The girls and I nearly witnessing a fistfight at Michael’s, while someone at Target is carried out on a stretcher to a waiting ambulance. The chaos of Black Friday.
Of course, there were other years that presented their own complications: Breaking down along Interstate 81 in Virginia, sleeping all night in the back of the car, hitch-hiking a ride from an old man in a station wagon to the nearest town to buy parts at AutoZone, then back on the road, arriving at the house just an hour or two late for the scheduled dinner.
Bustling in with luggage while the turkey is kept warm and untouched, our loved ones all waiting with hungry anticipation and warm hugs. They can’t eat without us. And thank the Good Lord they don’t because we’d miss Dad at the dining room table stuffing a noodle up his nose and plucking it back out with the end prong of a fork to get a few laughs. All the while, Mom sits beside Dad, unfazed, holding her favorite fork with the wooden handle, swirling a piece of stuffing through puddles of gravy on her plate.
In the kitchen, two unsupervised kids are tearing away at the turkey carcass, trying to dig out the wishbone since they can’t get their hands on a magic genie’s lamp. Later, we’ll play Rook until midnight and snack on leftover meat, trying not to get the cards greasy.

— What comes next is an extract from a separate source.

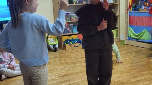 Zajęcia upłynęły w pogodnej, pełnej zabawy atmosferze. Dzieci miały okazję rozwijać słuch, wzrok, koordynację i współpracę – wszystko w deszczowym, bardzo atrakcyjnym dla nich klimacie! ☔✨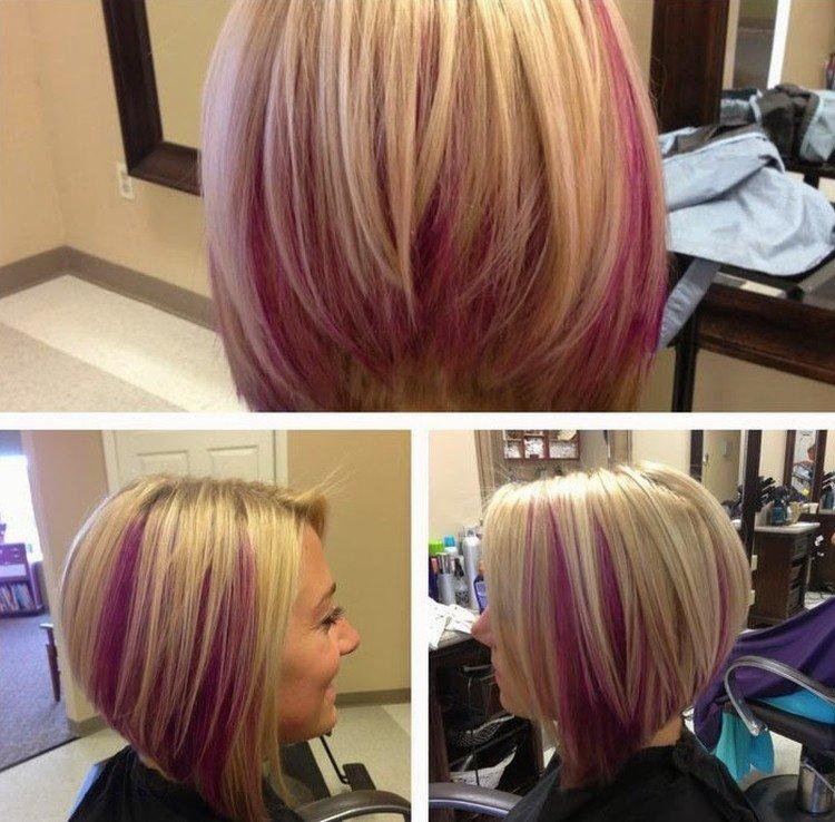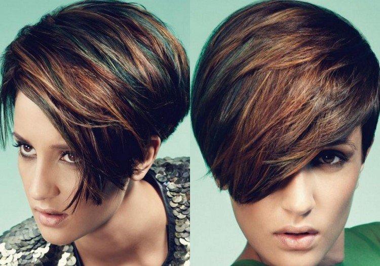 Це найпопулярніший прийом серед власниць асиметричних коротких стрижок і косого чубчика. Перед фарбуванням волосся розділяють по діагональних проділах. Так що і потім ви зможете змінити образ, просто вкладаючи пасма по-іншому.

Would I trade a lifetime of these Thanksgiving memories for a million dollars? Would I wipe my mind’s slate clean for exorbitant wealth and riches?
Not on your life. Some things can’t be bought.
I’ll cherish and be grateful for every moment that each Thanksgiving holds — the good, the bad and the ugly.
In my opinion, the planning, packing, traffic jams and driving will all be worth the hassle when I take that first step into the familiar comforts of home, where Dad sits waiting and watching for us from his recliner and asks “How was the drive?” and Mom takes me by the hand, pulling me to a refrigerator packed with pies, apple dumplings, fudge and more.
I’ll look around, take in the pictures hanging on the living room walls that span my lifetime and theirs, as a warm surge of tenderness swells in my chest, my heart so full, it just might burst.
“I missed you,” I’ll say.
Our hugs will convey other things that never need to be spoken, like the doubtless reassurance that I’ll keep returning home to Bulls Creek every Thanksgiving for a little slice of heaven on earth, always hungry for more.
Tracy Cranford grew up in Claysburg and now lives in Thomasville, N.C. She is the daughter of Butch and Sharon Weyandt.